The actress made her English-language debut in 1950 in Ronald Neame’s “Golden Salamander”; the poster’s tagline was “Introducing the fascinating new star discovery of the year… exotic ANOUK!” »

The New York Times said: “This film’s authentic Tunisian origins and atmosphere are its best points – those and a pretty young woman who now calls herself Anouk.” Miss Anouk (if that’s what we should call her) is a melancholy but strong and docile young girl who recently made a rather impressive appearance in “The Lovers of Verona”, a French film. And now, as a young French woman residing in a somewhat isolated Tunisian town where things are happening during this photo, she continues to draw attention to herself.

“Modigliani du Montparnasse” (1958) by Jacques Becker constitutes for Aimée a springboard towards the main roles which will soon be hers. In this tragic biopic of the artist, she plays the role of Jeanne, an intelligent and wealthy woman passionate about art who provides emotional support to the frail and older Modigliani (played by Gérard Philipe).

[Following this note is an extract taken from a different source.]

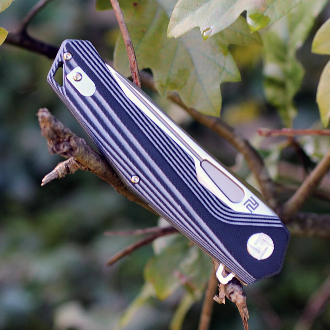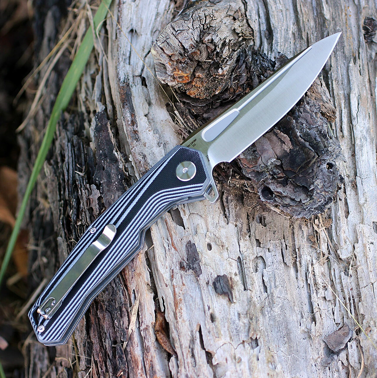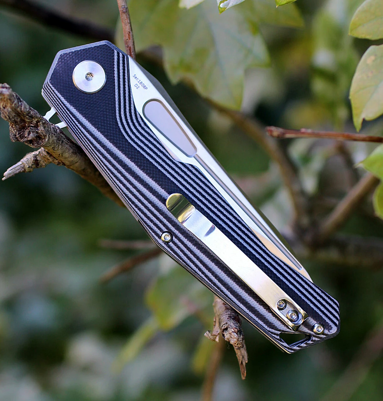 Artisan Zumwalt ATZ1808PBGC, 3.94″ D2 Plain Blade, Curved Black/White G-10 Handle

Aimeé’s last film was Charlotte de Turckheim’s “Damn then!” in 2012.

She won an Honorary César at the French Césars in 2002, an Honorary Berlin Golden Bear at the Berlin Film Festival in 2003 and the Silver Medallion at Telluride in 2009.

Aiméé was married four times, the first to Edouard Zimmermann (1949-50), the second to Nikos Papatakis (1951-55), the third to Pierre Barouh (1966-69) and the last time to the actor Albert Finney (1970-78). ). All marriages ended in divorce.

She is survived by her daughter, Manuela Papatakis.